Allscripts has tied NLP and voice recognition not only to ambulatory EHRs but also in its hospital/acute care EHR solution, Sunrise, including the creation of discrete data elements that can be keyed into EHR templates. In this way, the application can, for example, place procedures and medications into the correct EHR fields.
eClinicalWorks is simplifying technology by taking dictation, as well as free text, and transforming it into structured data to further streamline physicians’ use of EHRs. At HIMSS the supplier demonstrated a new EHR feature called Scribe, which combines NLP with Nuance’s Dragon product to extract data from transcribed dictation to help doctors codify their documentation. The vendor had a representative of eClinicalWorks speak into a microphone at the show and demonstrated how the application placed the transcribed dictation into categories such as “chief complaint” and “family history”.

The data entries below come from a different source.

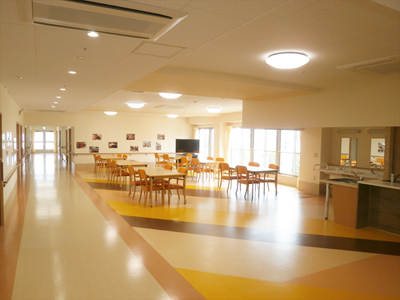施設内、敷地共に広々としており、玄関を入ってすぐに地域交流スペースもあります。普段から施設を開放し、地域の方々との絆を深められるような施設であり、存在を目指したいと考えております。また、各食堂兼談話コナーにおいても広い空間となっております。
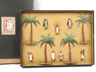 dimensions du coffret : 41 x 31 cm (avec restaurations & papiers collés) - états de 'B' à 'C' - contient : 7 figurines (avec quelques retouches) & 4 palmiers (manques de peinture plus ou moins importants suivant les exemplaires) - ensemble fixé sur socle cartonné avec ficelles de maintien (non d'origine) - possibilité de boîtage non conforme
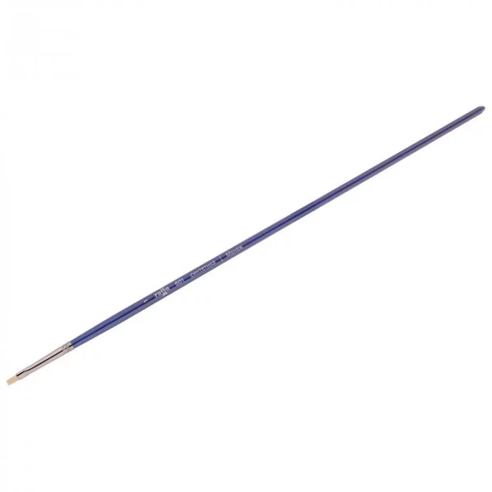 Художественные кисти ГАММА серии «Манеж» изготовлены из высококачественного синтетического волоса, имитирующего натуральный ворс щетины. Данные кисти предназначены для работы с масляными, акриловыми, гуашевыми красками, медиумами, лаками и пастами. Удобны для нанесения структурных мазков. Форма пучка круглых кистей в виде конуса с идеальным зауженным кончиком позволяет писать крупными, плотными мазками, а также вести тонкую и изящную линию. Длинная глянцевая ручка, окольцованная никелированной обоймой, даёт возможность лучше контролировать работу кисти. Белый цвет волоса позволяет более точно отслеживать чистоту оттенка краски, что увеличивает качество работы с точки зрения колористики, а новый подход к технологии создания синтетики увеличил эластичность и упругость материала. Данные кисти являются полноценной заменой кистям из натуральной щетины. Длинная ручка кисти покрыта глянцевым лаком цвета ультрамарин. Кисть имеет никелированную бесшовную обойму и цветную лакированную ручку. Номер: 1; Форма кисти: плос

For Greenway, the integration of NLP into EHR is nothing new. Until now this application has been used to extract coded data for billing purposes, enhancing decision support.
In contrast to other healthcare IT solutions, mobility solutions and applications stand out due to the fact that they are consumer-centric rather than organisation-centric. For example, using a tablet PC instead of a paper clipboard when registering at a doctor’s office, or sending a text reminder to alert a patient to take medication, creates a more immediate level of patient experience and engagement than an EHR or a health information exchange (HIE) would do.
Many mobile health start-ups that created applications, services and wireless health devices demonstrated their solutions at the conference. Some showcased easy-to-use, engaging, consumer health tools that collect and transmit a person’s vital signs.
BI and analytics
Analytics and BI were on everyone’s mind at this year’s HIMSS. There were more discussions around these topics, and more displays of solutions incorporating them, than in previous shows. Many conversations focused on the special challenges BI faces in healthcare, compared with other verticals such as retail or banking. This is mainly due to complex regulation, and the nature of the data which often comes into the clinical space as non-standard data sets.
An important application of analytics will be in the field of population management. Siemens demonstrated how BI worked within its flagship Soarian product suite. Soarian Business Intelligence collects and analyses both clinical and financial data, as well as structured and unstructured data, from virtually any system. The embedded BI in Soarian pushes critical performance indicators to the desktop and helps healthcare administrators manage service lines to ensure greater profitability.
IBM’s supercomputer Watson – a computing system that rivals a human’s ability to answer questions posed in natural language with speed and accuracy – could not be missed at the show. During its first year of operation in a healthcare environment, it has mainly been used for utilisation management purposes, and in the diagnosis of cancer patients and those with rare diseases.
Watson’s immediate impact on healthcare during 2012 will not be as palpable as other solutions showcased at HIMSS, but its impact is already more tangible than when it was introduced in 2011.
IBM announced its collaboration with the Memorial Sloan-Kettering Cancer Center on the data analytics, natural language processing, and retrieval technologies of Watson, for research and treatment purposes. Both parties will jointly develop an oncology clinical decision support system taking advantage of Memorial Sloan-Kettering’s molecular and genomic databases and its repository of cancer case histories.
The first applications, with piloting scheduled for late 2012 and wider distribution by late 2013, will include lung, breast and prostate cancers.